**Data to examine**.

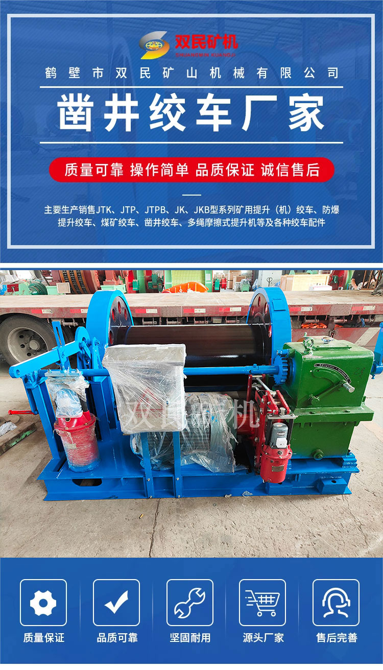 鶴壁市雙民礦山機械有限公司鑿井絞車廠家,以制造大型礦山提升設備,電器成套自動化控制系統為主的科研型高科技企業,是國家礦山專用設備及配件產品定點生產單位。主要生產、銷售JTK、JTP、JTPB、JK、JKB、JKM、JKMD型系列礦用提升絞車、礦井提升機、多繩摩擦式提升機、JZ型鑿井絞車及礦山各種成套設備及配件。
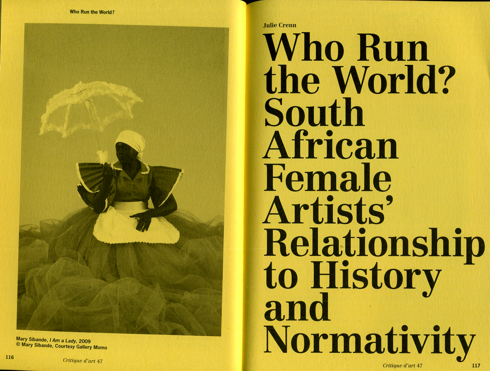 Publié 31 décembre 2016 à 1616 × 1223 in [ESSAI] Who run the world? – Les artistes sud-africaines au défi de l’Histoire et des normes /// Critique d’Art #47. Les rétroliens sont fermés, mais vous pouvez poster un commentaire
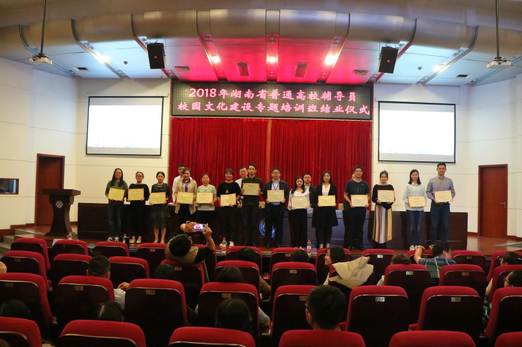 10月12日下午,2018年湖南省普通高校辅导员校园文化建设专题培训班结业仪式在云塘校区图书馆报告厅举行,副校长谈传生,省委教育工委宣传部副调研员崔恒源出席。结业仪式由永利官网学工部(处)部(处)长艾楚君主持。
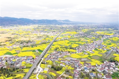 陝西省漢中市南鄭區嶽家嶺村,一列動車組列車在金燦燦的油菜花海中穿行。
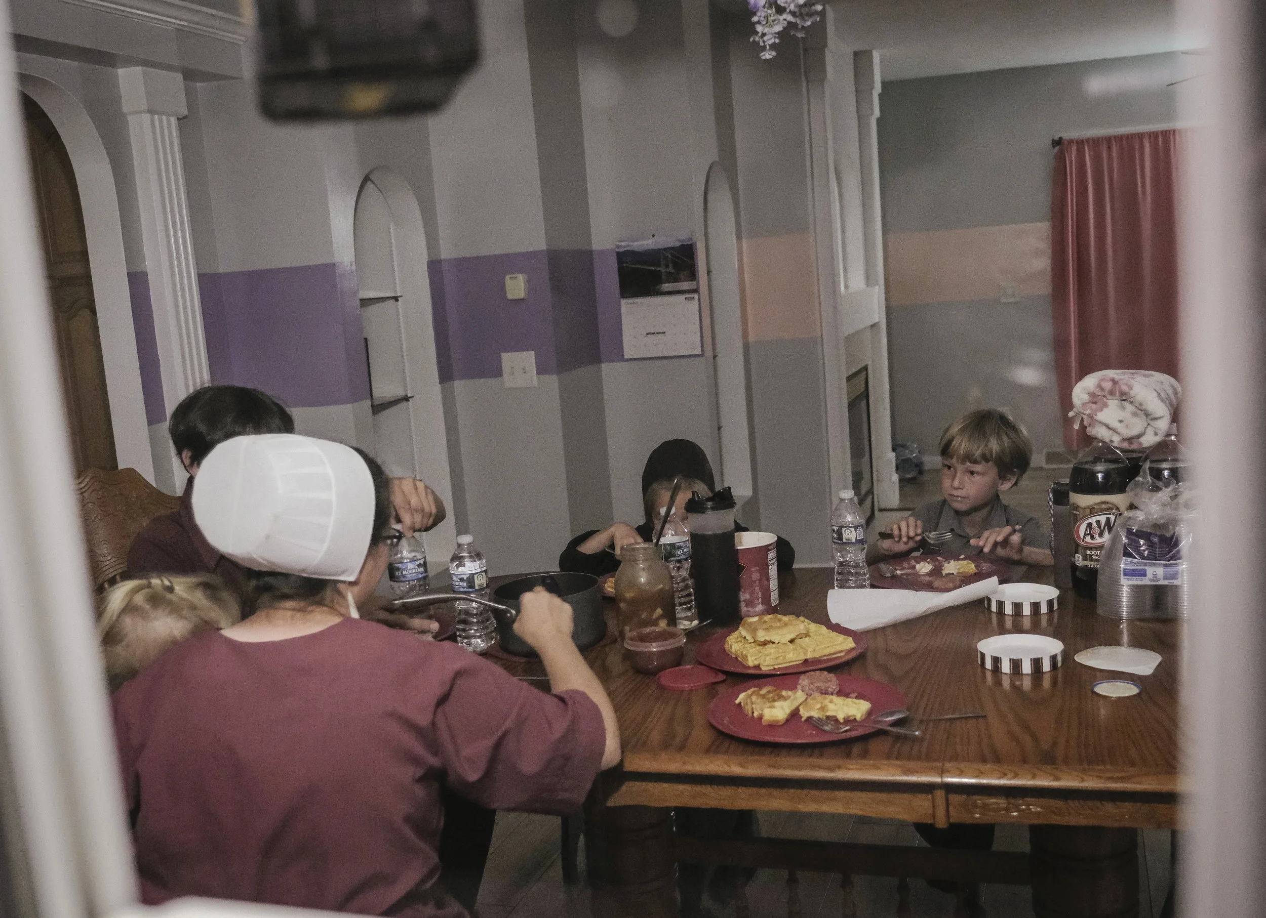 A Thursday morning for the Yoder Family might look like this— The kids are sprawled out on brown couches that circle the living room, while Sam cooks waffles in the kitchen. They got up at 5:30 before the sun so they have to plug DeWalt batteries into each light fixture, due to their lack of electricity. Each battery is charged throughout the day through the solar panels on their roof, something that is very common among Amish families. After the family indulges in a plate full of waffles and coffee ice-cream, they’ll migrate to their family room to say a morning devotion spoken in German, ending with the family kneeling on the ground with their backs turned to the middle of the room for their morning prayers. Diann and the kids will then begin cleaning the dishes from breakfast, while Sam goes into his shop to begin work for the day.
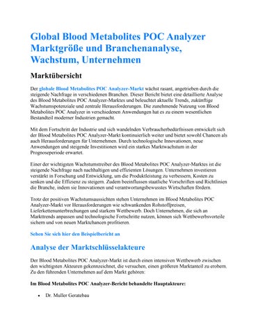 Global Blood Metabolites POC Analyzer Marktgröße und Branchenanalyse
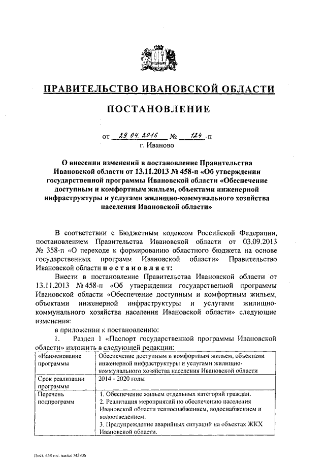 Постановление Правительства Ивановской области от 29.04.2016 N 124-п "О внесении изменений в постановление Правительства Ивановской области от 13.11.2013 N 458-п "Об утверждении государственной программы Ивановской области "Обеспечение доступным и комфортным жильем, объектами инженерной инфраструктуры и услугами жилищно-коммунального хозяйства населения Ивановской области" (вместе с "Подпрограммой "Повышение эффективности организации строительства, реконструкции и капитального ремонта объектов, находящихся в собственности Ивановской области")
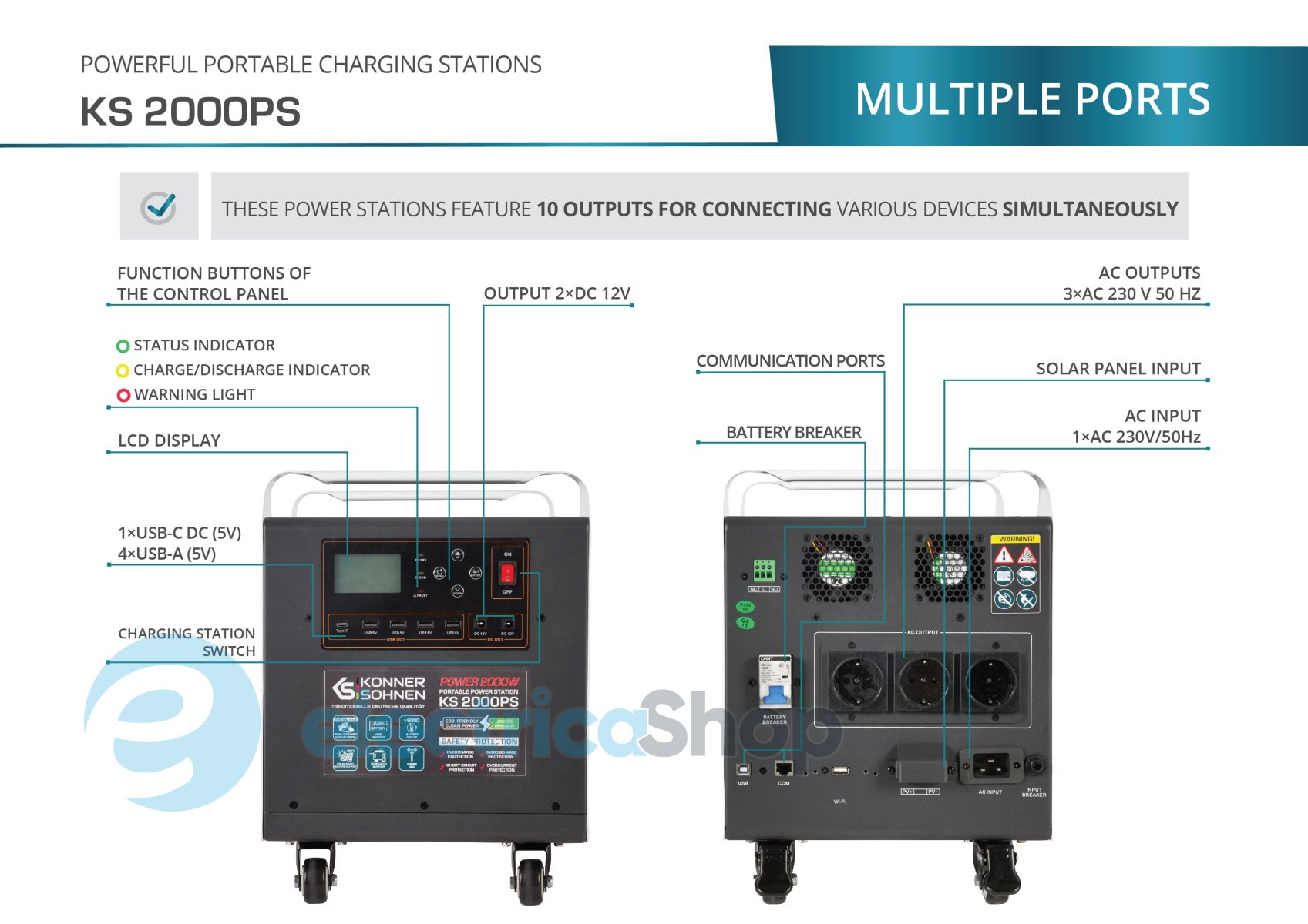 :Станції живлення від Könner & Söhnen® можуть накопичувати енергію трьома різними способами: від мережі змінного струму, сонячних панелей, генератора. Дозволяє здійснити налаштування пріоритету джерела заряджання. Станції мають програмовані безпотенційні контакти управління.

**Requirement**. Only the lines of the listing above from the one with "10月12日下午,2018年" through the one with "Global Blood Metabolites" should be output, exactly, with both ends kept and pictures left out.

**Solution**.
 10月12日下午,2018年湖南省普通高校辅导员校园文化建设专题培训班结业仪式在云塘校区图书馆报告厅举行,副校长谈传生,省委教育工委宣传部副调研员崔恒源出席。结业仪式由永利官网学工部(处)部(处)长艾楚君主持。
 陝西省漢中市南鄭區嶽家嶺村,一列動車組列車在金燦燦的油菜花海中穿行。
 A Thursday morning for the Yoder Family might look like this— The kids are sprawled out on brown couches that circle the living room, while Sam cooks waffles in the kitchen. They got up at 5:30 before the sun so they have to plug DeWalt batteries into each light fixture, due to their lack of electricity. Each battery is charged throughout the day through the solar panels on their roof, something that is very common among Amish families. After the family indulges in a plate full of waffles and coffee ice-cream, they’ll migrate to their family room to say a morning devotion spoken in German, ending with the family kneeling on the ground with their backs turned to the middle of the room for their morning prayers. Diann and the kids will then begin cleaning the dishes from breakfast, while Sam goes into his shop to begin work for the day.
 Global Blood Metabolites POC Analyzer Marktgröße und Branchenanalyse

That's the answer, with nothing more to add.